The 異体字検索漢字リスト published by Japan's Ministry of Health, Labour and Welfare is a useful reference (there are actually many more variants than the list covers).
It seemed difficult for a person to quickly judge whether a variant character shown on an identity document and a kanji character manually entered by a user refer to the same character, especially if they have to check sources like the PDF above every time. So I made a simple web tool for this.
You can try it at https://moji.stenyan.dev/.
What is "MJ縮退マップ検索"?
The 文字情報技術促進協議会 publishes a dataset that fits this use case well.1 For example, it can show that the corresponding character for "邉" in "渡邉" is "辺", or for "髙" is "高".
Using this dataset, I made a tool that can search both target and source candidates at once.
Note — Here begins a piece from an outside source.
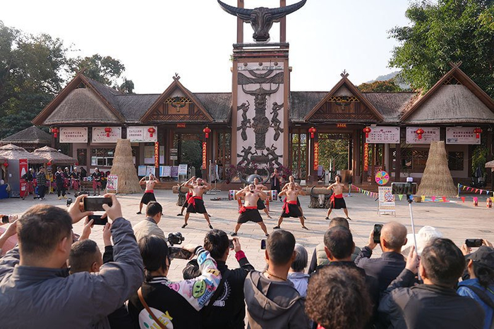 从碧波荡漾的勐梭龙潭,到飞流直下的里坎瀑布,西盟的生态底色与民族风情交织,为游客带来别样新春体验。龙潭景区门口,原汁原味的佤族歌舞天天上演,《阿佤人民唱新歌》响彻湖畔,甩发舞灵动洒脱,击身舞刚劲雄浑。演员们更热情邀请游客共舞,大家手拉手围成同心圆,在木鼓声与欢笑声中尽情狂欢。
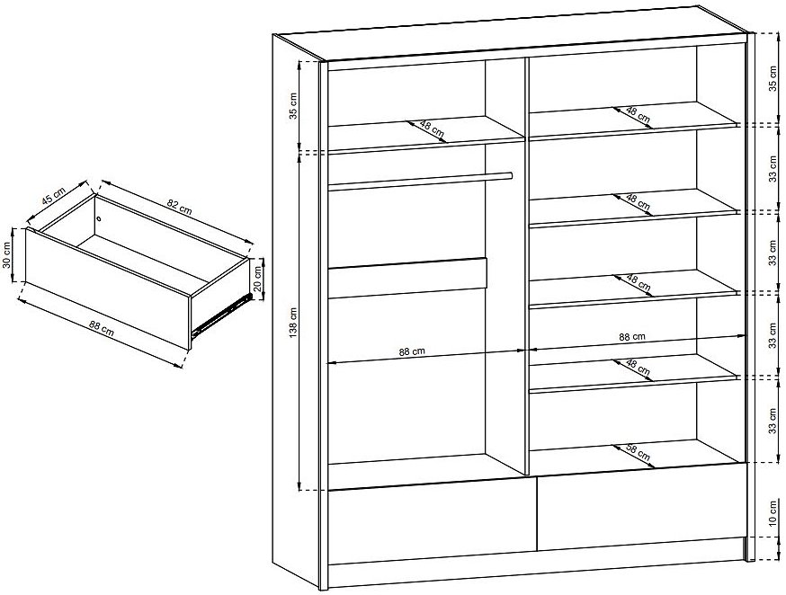 Зображення з  Шафа напівкупе для одягу Perfect Home Сара / Sara 200 3-дверна з дзеркалом Білий/дуб сонома

This made it easier to look up the relationship between a specific character and its candidates.2
As a side note, depending on the font, some characters may fail to render and appear as "tofu glyphs". The 文字情報技術促進協議会 also provide a font to avoid that,3 and this tool uses it as well.
Footnotes
-
https://moji.or.jp/mojikibansearch/basic also has a search page, but it did not seem to provide a way to fetch both target and source candidate results at once, so I made a separate tool. ↩